══ Data ══
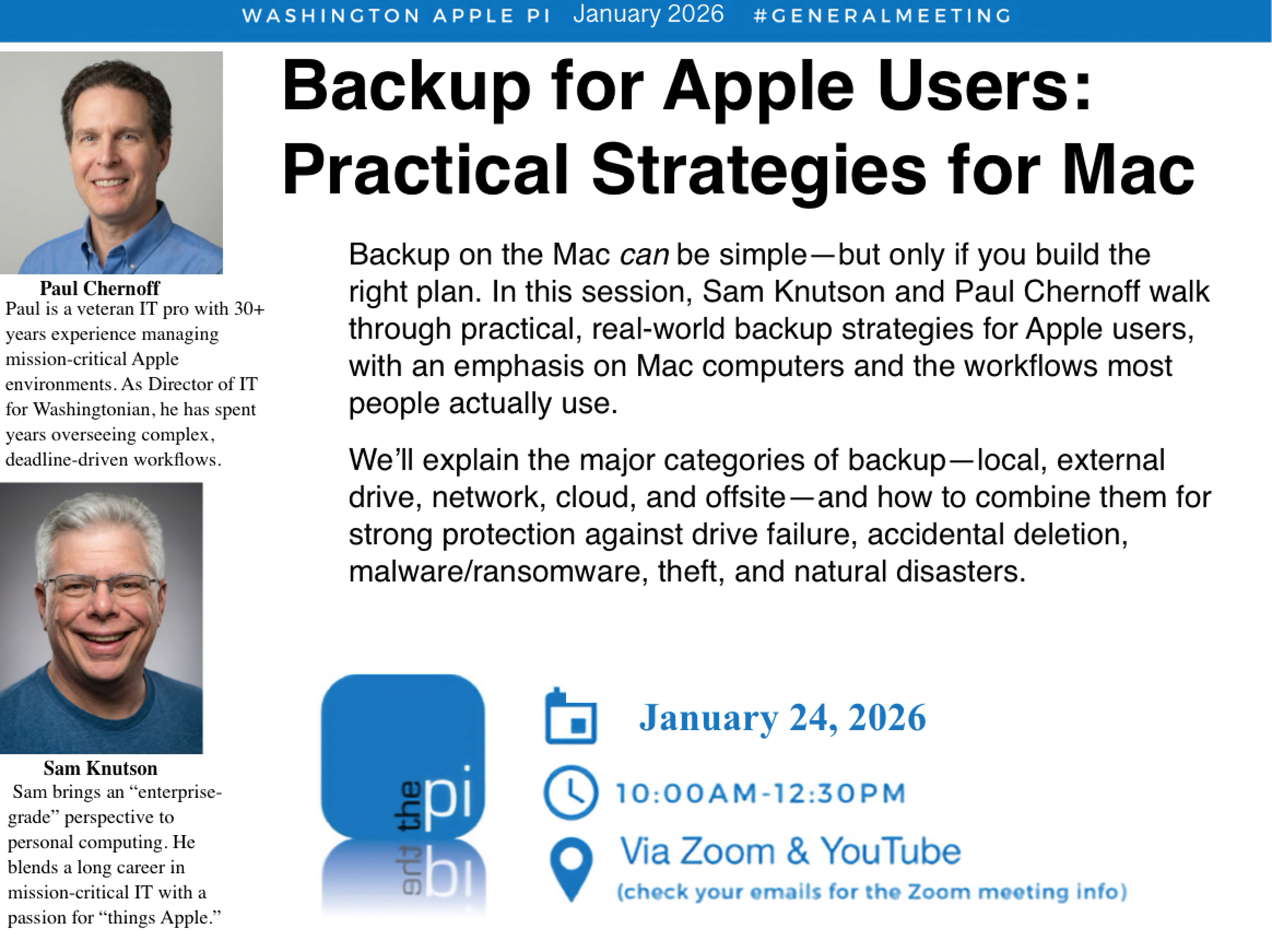 Backup on the Mac can be simple—but only if you build the right plan. In this session, Sam Knutson and Paul Chernoff walk through practical, real-world backup strategies for Apple users, with an emphasis on Mac computers and the workflows most people actually use.
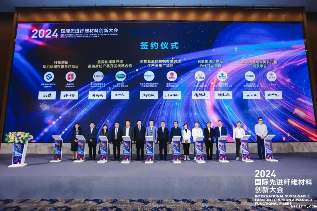 本次会上举行了科技创新助力品牌打造合作项目、生物基原纱抗菌抑臭锦纶生产与推广项目、差异化海藻纤维高端家纺产品开发战略合作、石墨烯纺织产品合作开发项目、防水透湿纳米微多孔膜研发项目、凝聚创新资源形成新质生产力合作项目、超高TiO2含量PET短纤的开发与应用研究项目、差异化功能与智能性针织面料与服装开发项目、NAO虚拟织布机×Sustens®生物基弹力短纤开发合作项目、古法面料工艺传承与时尚创新项目、三川×Sustens®生物基弹力短纤合作项目、元氧能量助眠安睡服开发项目、呋喃基聚酯PEF短纤的研发及产业化项目共13个重点项目的签约仪式。
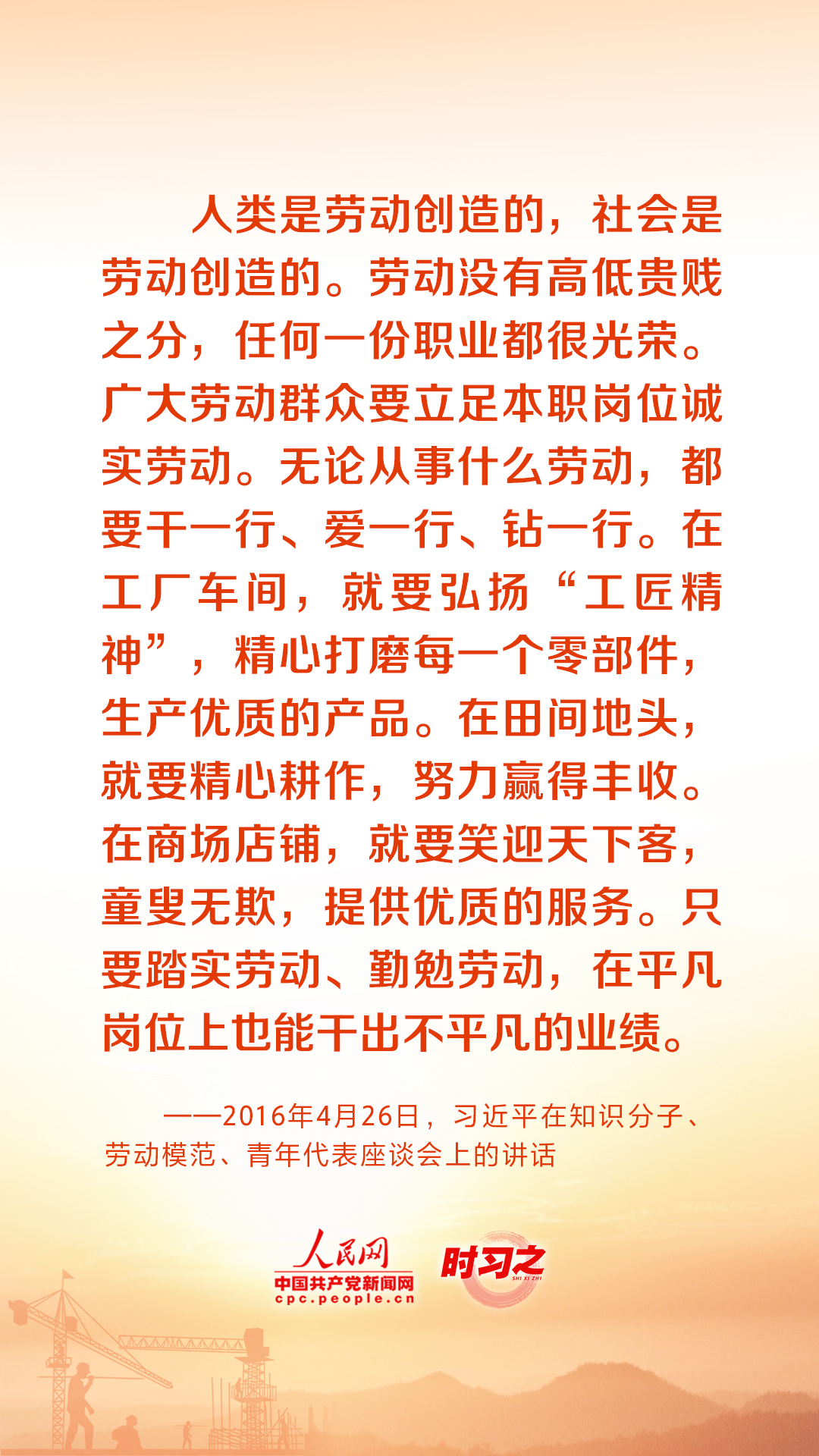 人民创造历史,劳动开创未来。党的十八大以来,习近平总书记始终心系全国广大劳动者,激励广大劳动者在平凡岗位上续写不平凡的故事。在“五一”国际劳动节到来之际,让我们重温总书记的谆谆话语,用辛勤劳动为经济社会发展贡献力量。
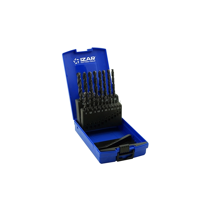 Serie punte in acciaio super rapido - fresate DIN 338N con codolo cilindrico. Cassetta in materiale plastico. Misure con intervallo di 0,5 mm. Modello = n. pezzi/misure min-max mm
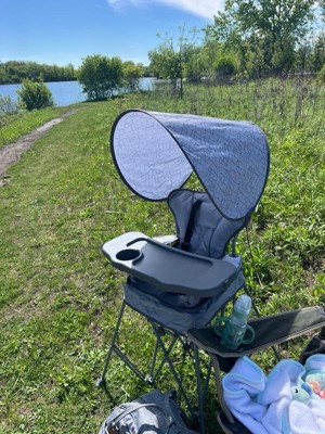 [This review was collected as part of a promotion.] This is the thing we didn't know we needed. It was absolutely perfect for our fishing trip. Our 9 month old LOVED it. He ate snacks and played with toys on the tray. The canopy is such a nice add on. It was pretty windy but the chair is super sturdy. I honestly can't say anything bad about it.
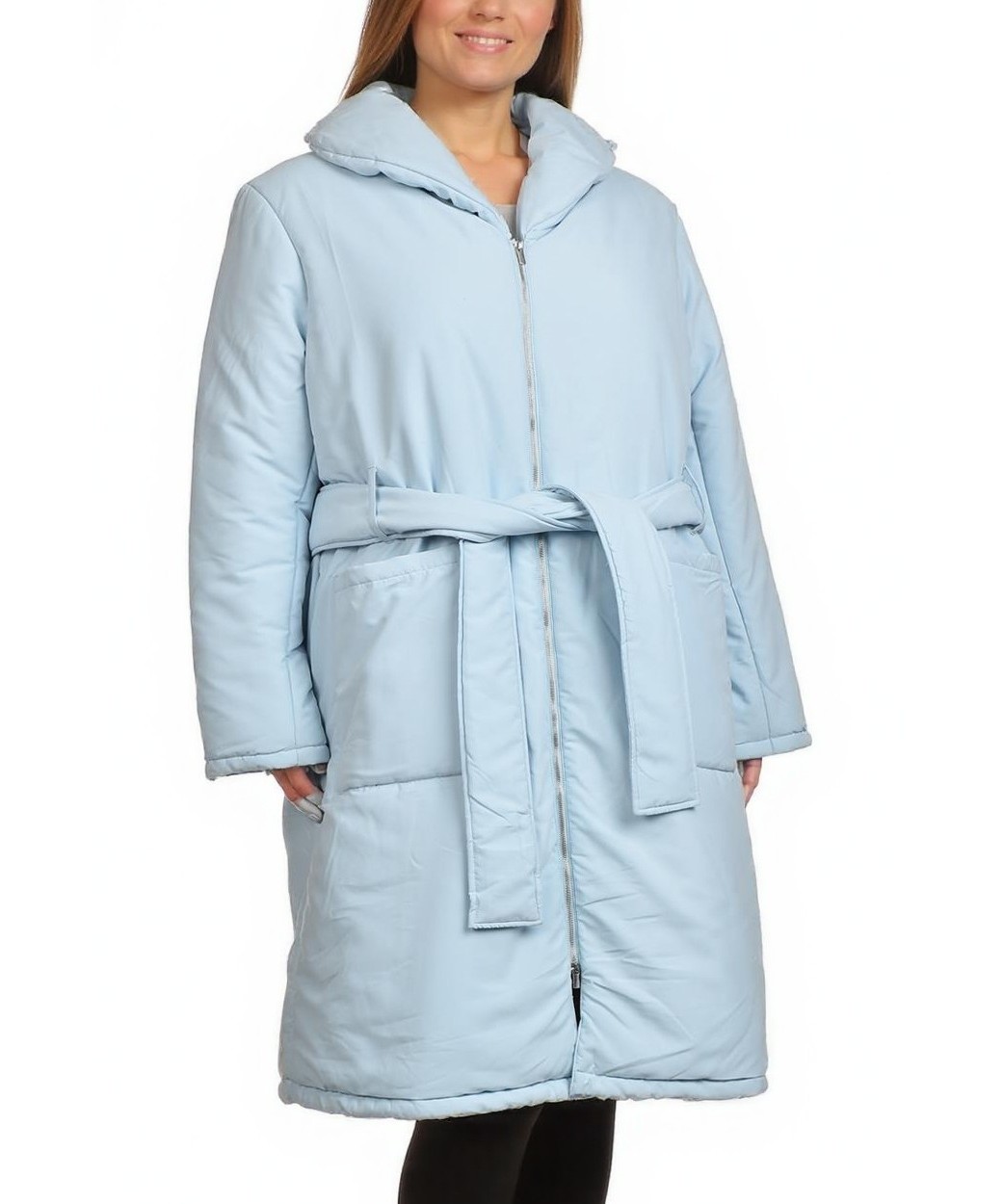 Топло дамско ватирано яке в нежен светлосин нюанс, дължина над коляното, с цип и колан, големи джобове и висока яка. Стилно, удобно и практично за студено време. И идеално за разходки и градски визии
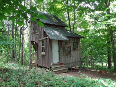 What could this odd-shaped and many-windowed little house in the woods have possibly housed? I stood in the woods on the top of the hill with my real estate agent, gazing in befuddlement—and increasingly also in delighted awe—at the little structure that reminded me a little of a Dr. Seuss house, a little of a Tim Burton mad creation.
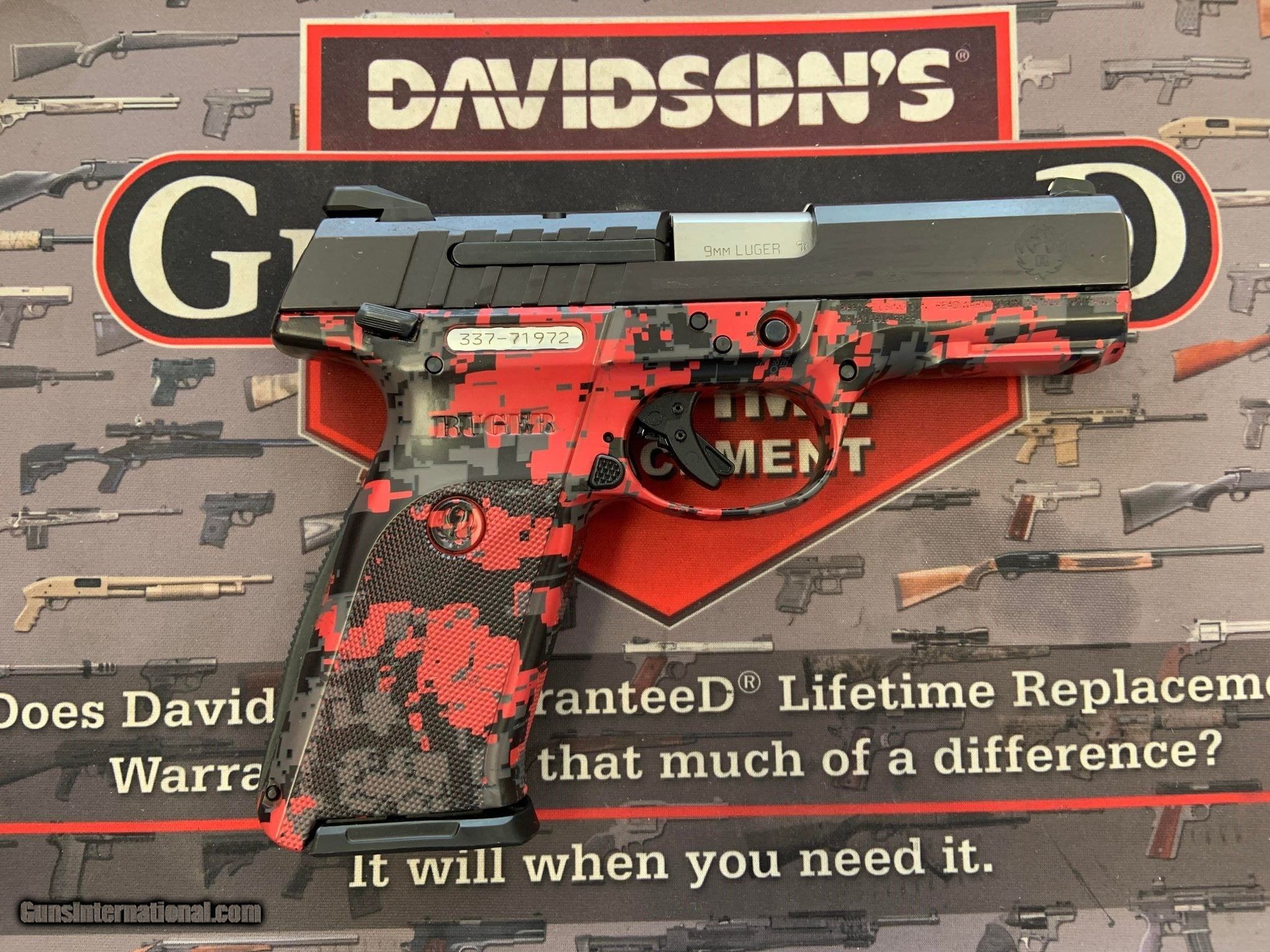 Description: Guns Listing ID: 486110 Red and black digital camo color, comes with original box and has a red and black soft case as well. Does only come with one magazine. SOLD Manufacturer: RUGER Model: 9E Caliber Info: 9MM LUGER (9X19 PARA) Condition: Used - Non-Certified Barrels: 4.1 BARREL |
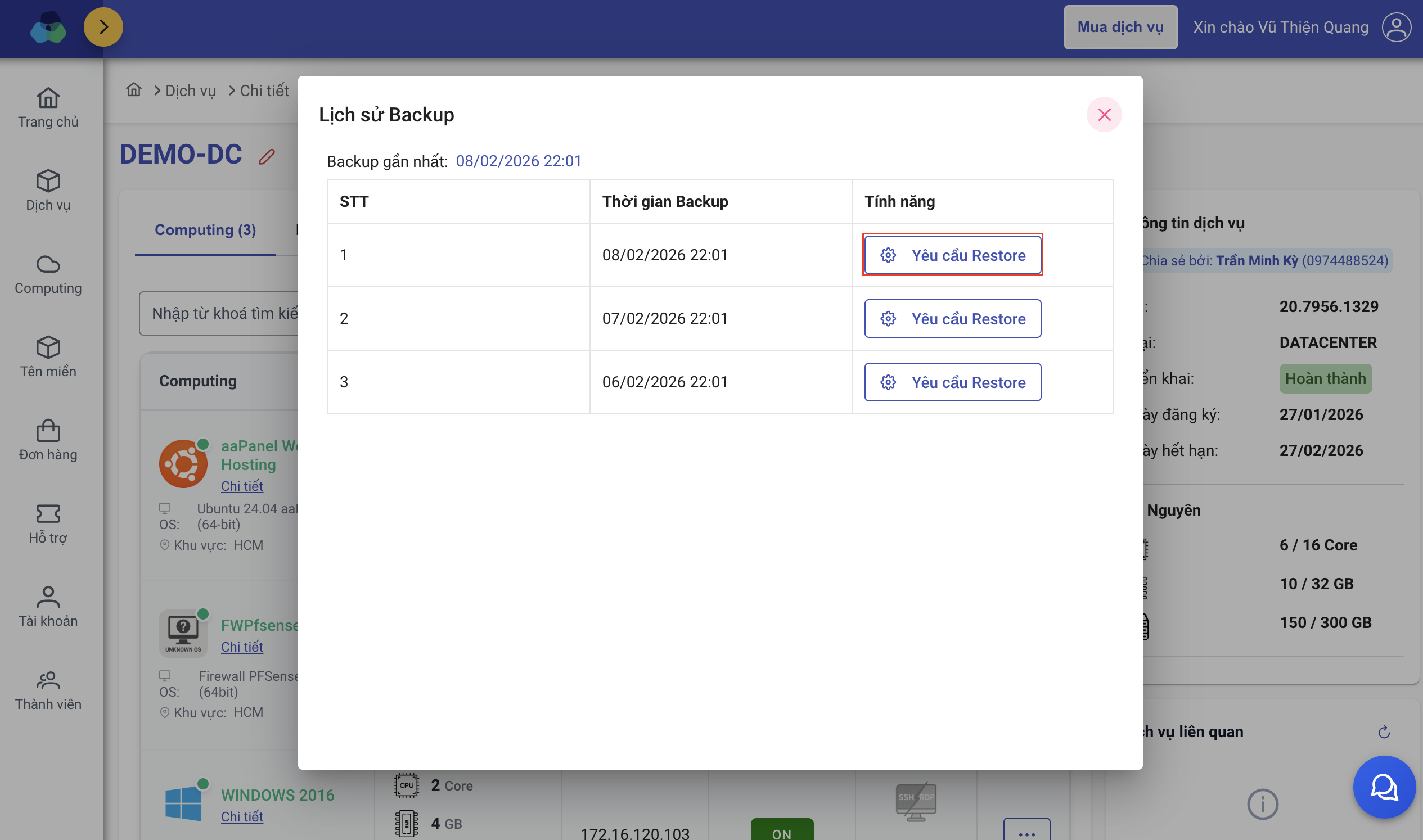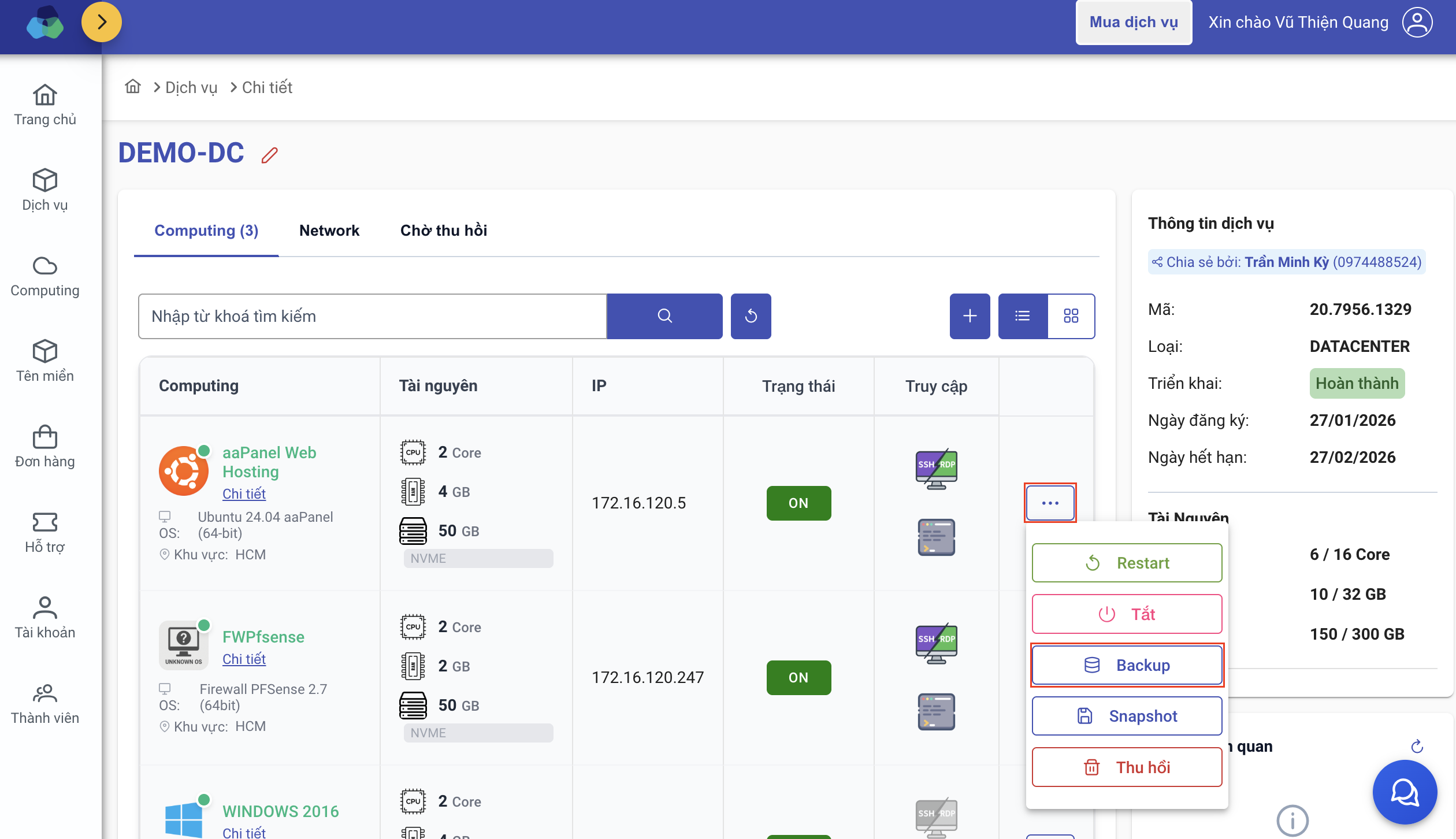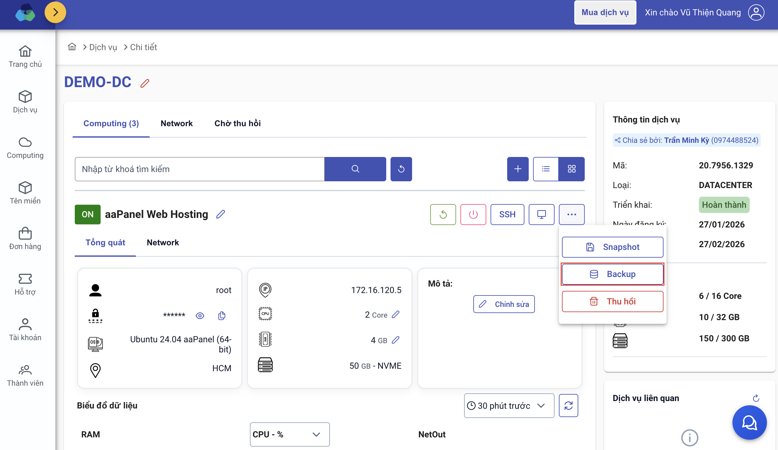 Truy cập Chi tiết dịch vụ Datacenter v2 → Tại giao diện computing
═══
Print, exactly, each line above from the one with "人民创造历史,劳动开创未来。" to the one with "[This review was", end lines included. Leave pictures out of it.

 人民创造历史,劳动开创未来。党的十八大以来,习近平总书记始终心系全国广大劳动者,激励广大劳动者在平凡岗位上续写不平凡的故事。在“五一”国际劳动节到来之际,让我们重温总书记的谆谆话语,用辛勤劳动为经济社会发展贡献力量。
 Serie punte in acciaio super rapido - fresate DIN 338N con codolo cilindrico. Cassetta in materiale plastico. Misure con intervallo di 0,5 mm. Modello = n. pezzi/misure min-max mm
 [This review was collected as part of a promotion.] This is the thing we didn't know we needed. It was absolutely perfect for our fishing trip. Our 9 month old LOVED it. He ate snacks and played with toys on the tray. The canopy is such a nice add on. It was pretty windy but the chair is super sturdy. I honestly can't say anything bad about it.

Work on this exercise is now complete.